Avec le classique duo d’un instrument à corde et d’un à vent, ils ont là une base parfaite présente dans toutes les cultures musicales du monde « C’est la job du musicien que d’être interprète d’autres cultures », mentionne Charles, le guitariste du duo. C’est d’ailleurs là leur défi. Grâce à leur musique, il est question de chercher à prouver que la musique classique est mondialement la même, à la base. 

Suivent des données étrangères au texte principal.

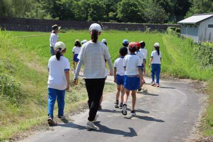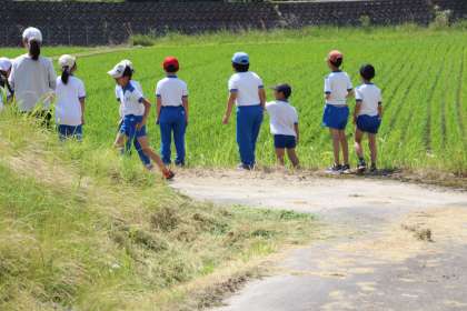 そんな地に住む子どもたちにそのことをぜひ知らせたいということで、この日、田んぼの観察を行いました。子どもたちは興味津々で、トンボの観察を行い、産卵の様子も見られました。よい学習や経験ができました。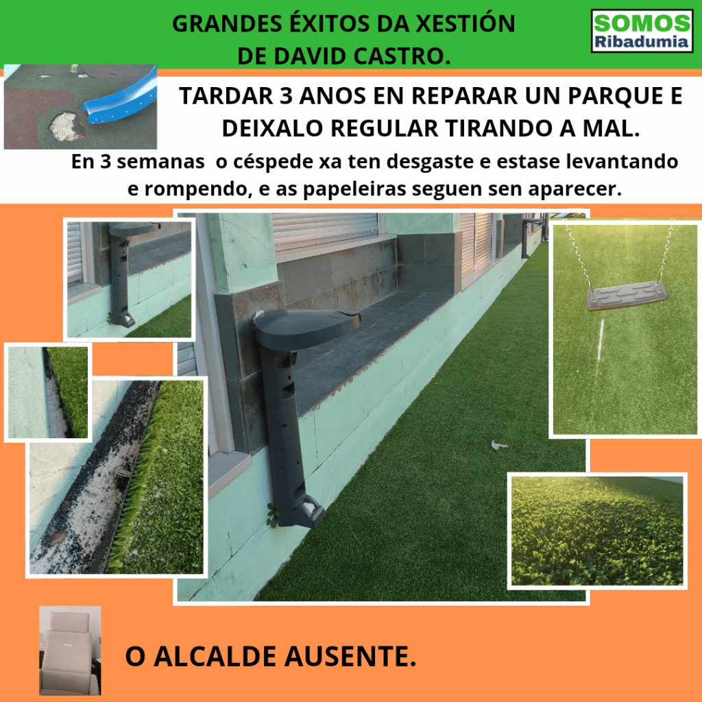 Por outra banda, tampouco o resultado final convence a ninguén. “O cespede non é unha mala solución, pero son materiais que hai que poñer con moito coidado. Neste caso parece que se colocou usando de base o caucho anterior, que estaba moi deteriorado, e o resultado diso é que o cespede que a simple vista parece chan e plano, ten moitas irregularidades que provocan tropezos, ademais de que non é o mateiral máis adecuado para colocar en determinados puntos, como nos columpios, onde xa se nota desgaste”. Máis aló disto, a sílice non foi ben cepillada nin se retirou a sobrante, que se acumula nos laterais do parque, por onde ademais o cespede, tres semanas despois de abrir o parque, estase despegando e comeza a deteriorarse en varios puntos. Tampouco se volveron colocar as papeleiras, moi necesarias, e en xeral a imaxe é, como se prevía, de terse feito un parche para aparentar e tapar as críticas.

Ensuite, ce sont les cultures de chacun qui viennent rajouter les « épices » qui vont faire la différence. En interprétant des musiques du monde, Duo Beija-Flor prouve qu’on peut unifier toutes les cultures et toutes les nations grâce à des thèmes universels. Le groupe rajoute que « on est tous pareils, en musique il n’y a ni paroles ni frontières, ça touche tout le monde de la même manière ». Le genre ethno classique, selon ce duo, se retrouve alors dans toutes disciplines artistiques.

Briser les préjugés

Un autre gros enjeu du groupe est de sortir la musique classique des préjugés. Selon eux, la musique classique est accessible pour tous les goûts et tous les âges, elle n’est pas réservée qu’à une classe sociale particulière. 

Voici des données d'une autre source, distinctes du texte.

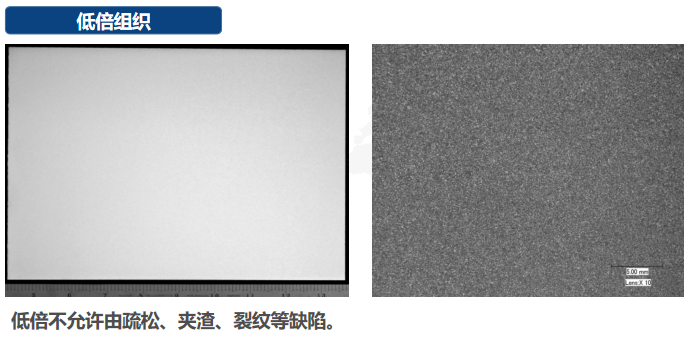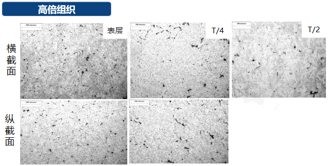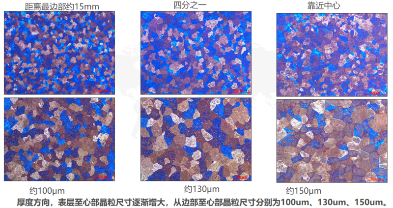 取样要求\化学成分\氢含量\渣含量\低倍组织(低倍不允许由疏松、夹渣、裂纹等缺陷。)\高倍组织\微观偏析(厚度方向,表层至心部晶粒尺寸逐渐增大,从边部至心部晶粒尺寸分别为100um、130um、150um。)\铸锭荧光渗透检测( FPI )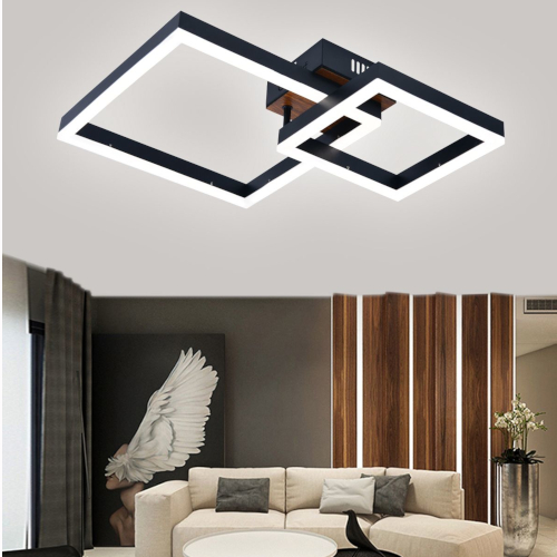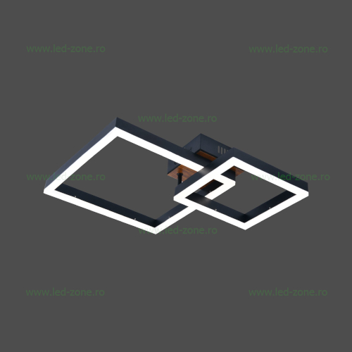Lustră modernă cu o putere de 72W, prevăzută cu doua pătrate decorative. Designul său contemporan este evidențiat de carcasa de culoare neagră, conferind un aspect elegant și versatil, ideal pentru spații moderne. Dispune de trei funcții de iluminare (cald, rece, neutru), controlabile prin telecomandă inclusă, pentru un plus de confort și personalizare a atmosferei.

« On veut vraiment sortir la musique classique de l’époque baroque. »

-Marie-Noëlle Choquette

D’ailleurs, lorsqu’on leur a demandé si leur musique était accessible à tous, c’est sans hésitations qu’ils ont répondu oui. « C’est la musique qui, je pense, a le potentiel de plaire à la majorité des gens, mais les gens ont en peur de par sa connotation nationaliste et bourgeoise », croit Marie-Noëlle, joueuse de flûte depuis son plus jeune âge. Charles, lui, nous rappelle que la musique dite classique peut et doit se transformer. « C’est dans la forme que la musique classique doit se renouveler et non dans son écriture ou son répertoire », estime-t-il. La musique classique ne doit donc pas rester figée dans une époque, nous propose le groupe. 

Pour ce qui est de leurs futurs projets, ils aspirent, après avoir produit trois albums basés sur un tour du monde musical, à proposer un opus de base canadienne, d’ici, en collaboration avec une jeune compositrice de Yellowknife qui voudrait s’inspirer de la glace et du nord.